** WHAT YOU NEED TO DO **
Copy every line from the one that holds "Julius Koller Demonstrative" to the end of the records below, exactly and with nothing else, but without any pictures.

===== TASK MATERIAL

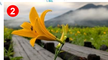
2 ニッコウキスゲの花が咲き始め、群生となっています
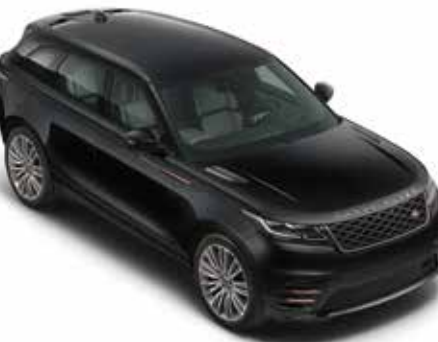
Narvik Black¹ (Uni)
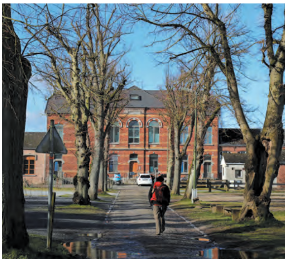
Vers le Musée français

Son eau fut utilisée par les habitants du village, il y a bien longtemps. Elle fut l'objet de diverses croyances dont celles de guérir les affections des yeux et de la bouche. En 1990, année des fontaines, elle fut restaurée, l'environnement aménagé avec l'installation d'un banc et d'une poubelle. L'endroit reçut un nouveau «rajeunissement» en 2017.
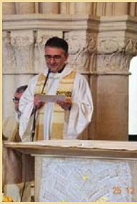
P. Cyril nous quitte
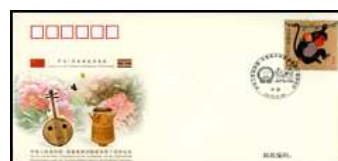
Dipl. Beziehungen mit Surinam 28.05.2016 Chi-PFTN WJ 2016-7 2,20 €
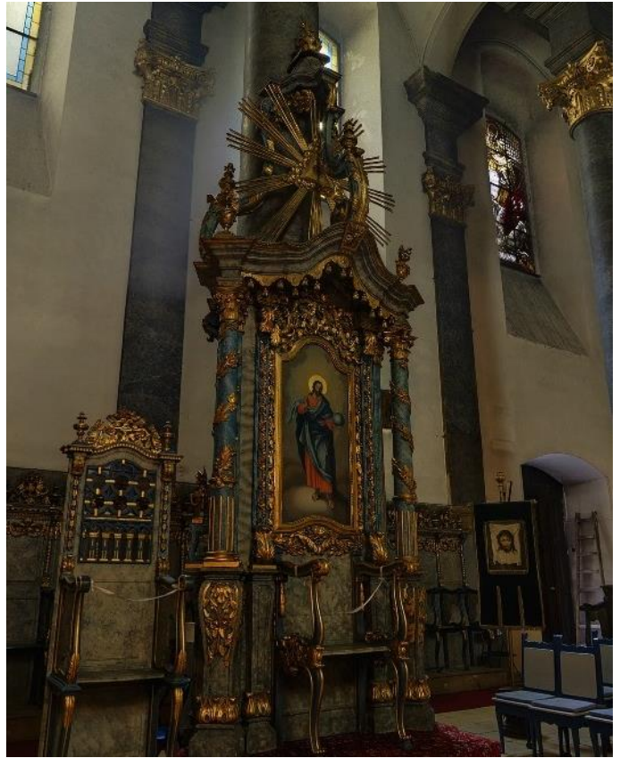
13. kép: A püspöki trónus
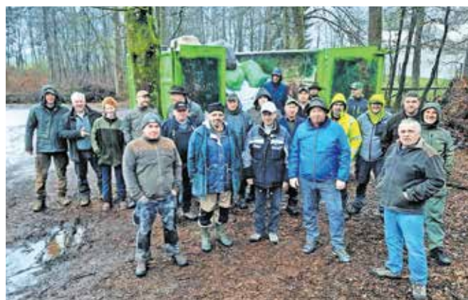
Čistilni akciji so se pridružili tudi člani LD Šenčur.
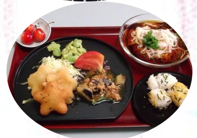
美穂の家の「七夕御膳」
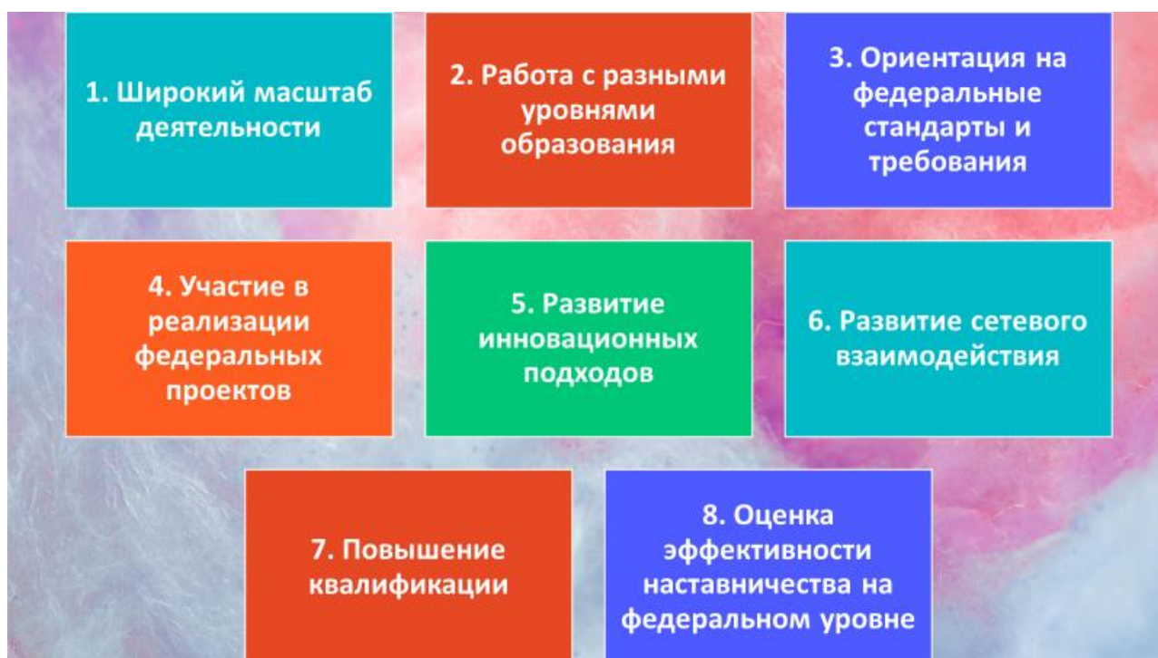
Рис. 3 – Особенности работы наставника федерального уровня

Наставник работает с педагогами, представляющими различные регионы и образовательные организации, что требует учета специфики каждой из них.
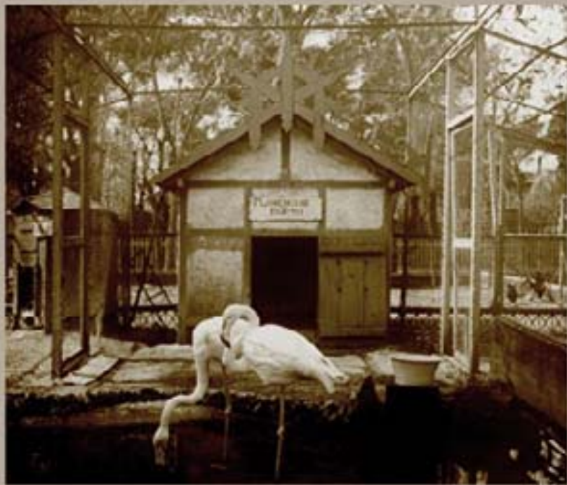
190. Museo Ferrnández 1914
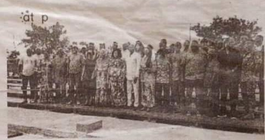
Photo d'ensemble sur l'une des tribunes construites.

Deux tribunes de 400 places dénommées Tribunes de l'Unité ou United Platform en anglais ont été réceptionnées le samedi 13 juillet sur le terrain rouge des Evala à Pya, dans la commune de Kozah 2.
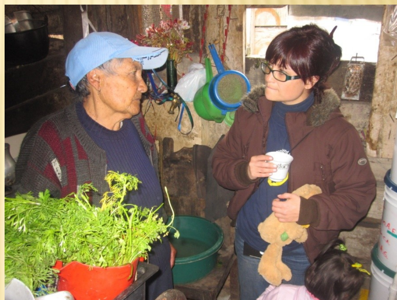
Mochuelo Ciudad Bolívar 2010
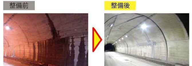
漏水対策の実施 [(国)113号 小原4号トンネル(白石市)]
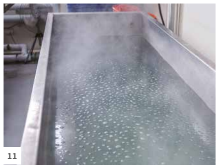
7 每個製作豆干的不鏽鋼盤約重 12 公斤，相當於 12 罐豆漿的重量。8 為了不使用消泡劑，設專人手工撈泡。9 豆干製作完成後，工作人員再次檢查是否有小塊凝固的豆皮或混入異物。10 豆漿裝瓶自動化。11 所有產品完成包裝後，置入此區後殺菌處理池以巴氏殺菌法殺菌 30 分鐘，送入冰水循環池冷卻，再冷藏儲存。

凝結，泡泡會浮在上面再手工撈掉。」現在改為自動製漿，依然有工作人員負責手工撈泡。
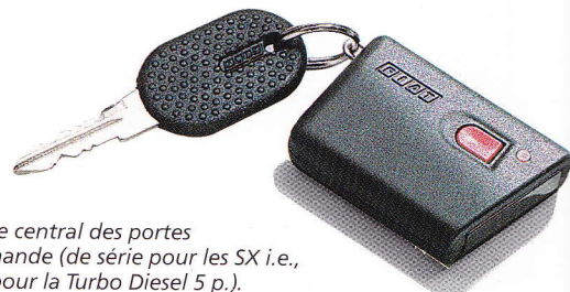
Verrouillage central des portes à télécommande (de série pour les SX i.e., en option pour la Turbo Diesel 5 p.).
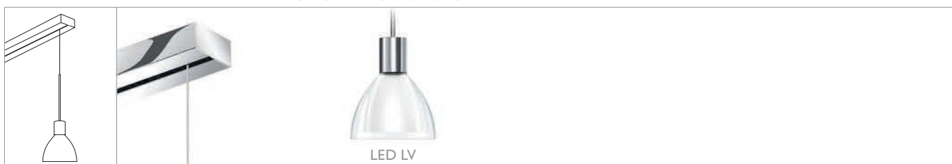
SILVA NEO 110 LV OE
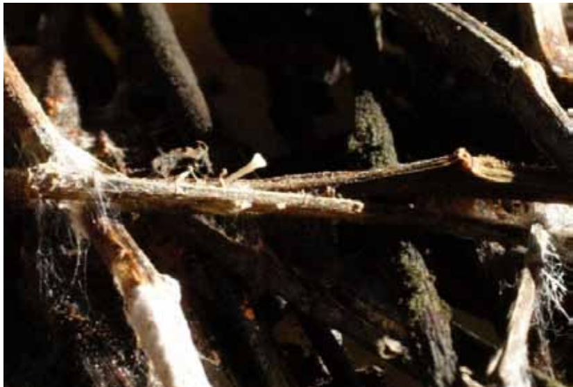
Obr. 5 Mladá plodnica Hymenoscyphus pseudoalbidus na listových stopkách 1 rok po infekcii listu

Patogénna huba rastie v letnom období na listových stopkách na zemi v opade z minulého roka. Askospóry sa vytvárajú v pohlavných plodničkách (diskomycéty) v júli a v auguste a sú rozširované do okolia vetrom. Nie je známe, prečo je patogén tak agresívny. Predpokladá sa však, že nie je pôvodný v Európe, ale pochádza z Ázie, kde sú stromy voči tomuto patogénu odolnejšie. Zdá sa, že huba Lambertella albida rastúca v Ázii v Japonsku na jaseň Fraxinus manschurica , je tá istá, ktorá je v Európe známa pod súčasným názvom Hymenoscyphus pseudoalbidus .
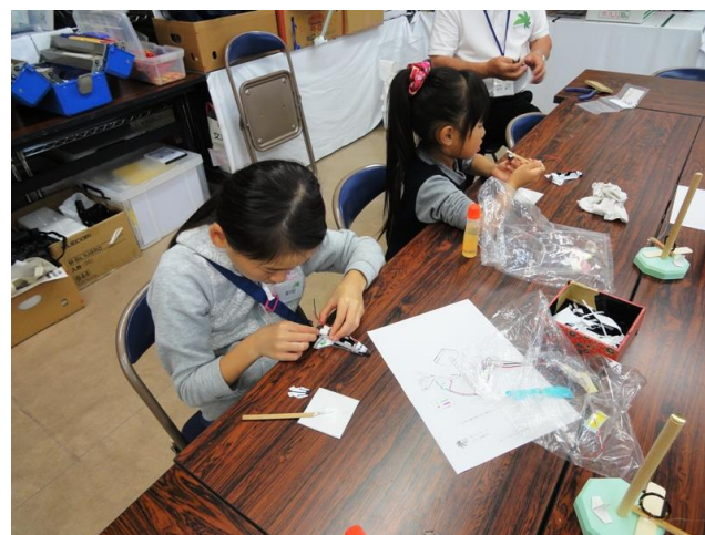
スペースシャトルに電池を入れ完成
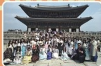
穿韓服遊景福宮合影
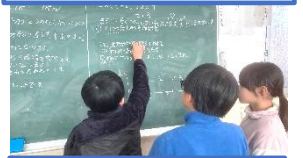
4年 解けるまで頭を絞って考えます
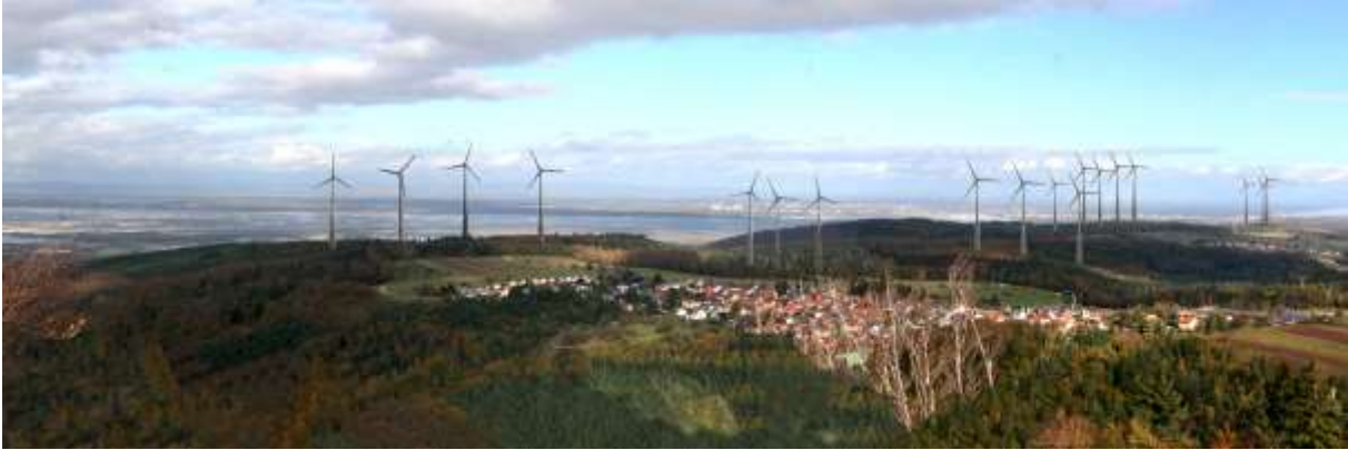
Abb: 1, Freiolsheim , Nordschwarzwald, Vorbergzone mit montierten WKA in ausgewiesenen Suchgebieten.
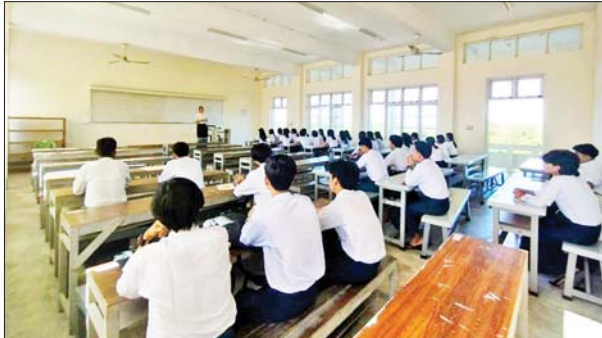
ကွန်ပျူတာတက္ကသိုလ်(ပုသိမ်)၌ ကျောင်းသား ကျောင်းသူများ အေးချမ်းပျော်ရွှင်စွာ ပညာသင်ကြားလျက်ရှိသည်ကို တွေ့ရစဉ်။
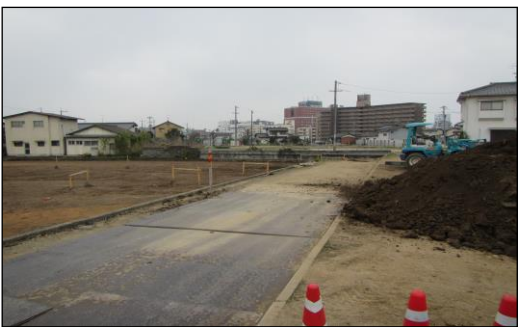
寿町石見線の水路工事の着手状況
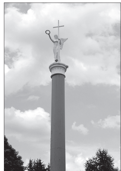
Символ санатория «Виктория» - богиня победы на высоченной колонне.

Чтобы убедиться в последнем, мы направимся в одну из трех столовых санатория. Дверь в обеденный зал открывает портье в пер-
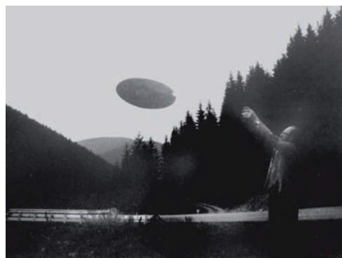
Julius Koller Demonstrative Cultural Situation 1,2 (U.F.O.) , 1989 photographies noir et blanc 30 x 40 cm chacune collection Kadist Art Foundation
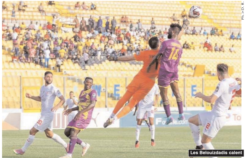
Les Belouizdadis calent

■ Le Chabab Riadhi de Belouizdad a raté le coche lors de la deuxième journée de la Ligue des champions d'Afrique, en s'inclinant (2-1) face au SC Medeama, en match disputé vendredi soir au stade Baba Yara Sports de Kumasi (Ghana).

==========

** EXPECTED ANSWER **
Julius Koller Demonstrative Cultural Situation 1,2 (U.F.O.) , 1989 photographies noir et blanc 30 x 40 cm chacune collection Kadist Art Foundation
Les Belouizdadis calent

■ Le Chabab Riadhi de Belouizdad a raté le coche lors de la deuxième journée de la Ligue des champions d'Afrique, en s'inclinant (2-1) face au SC Medeama, en match disputé vendredi soir au stade Baba Yara Sports de Kumasi (Ghana).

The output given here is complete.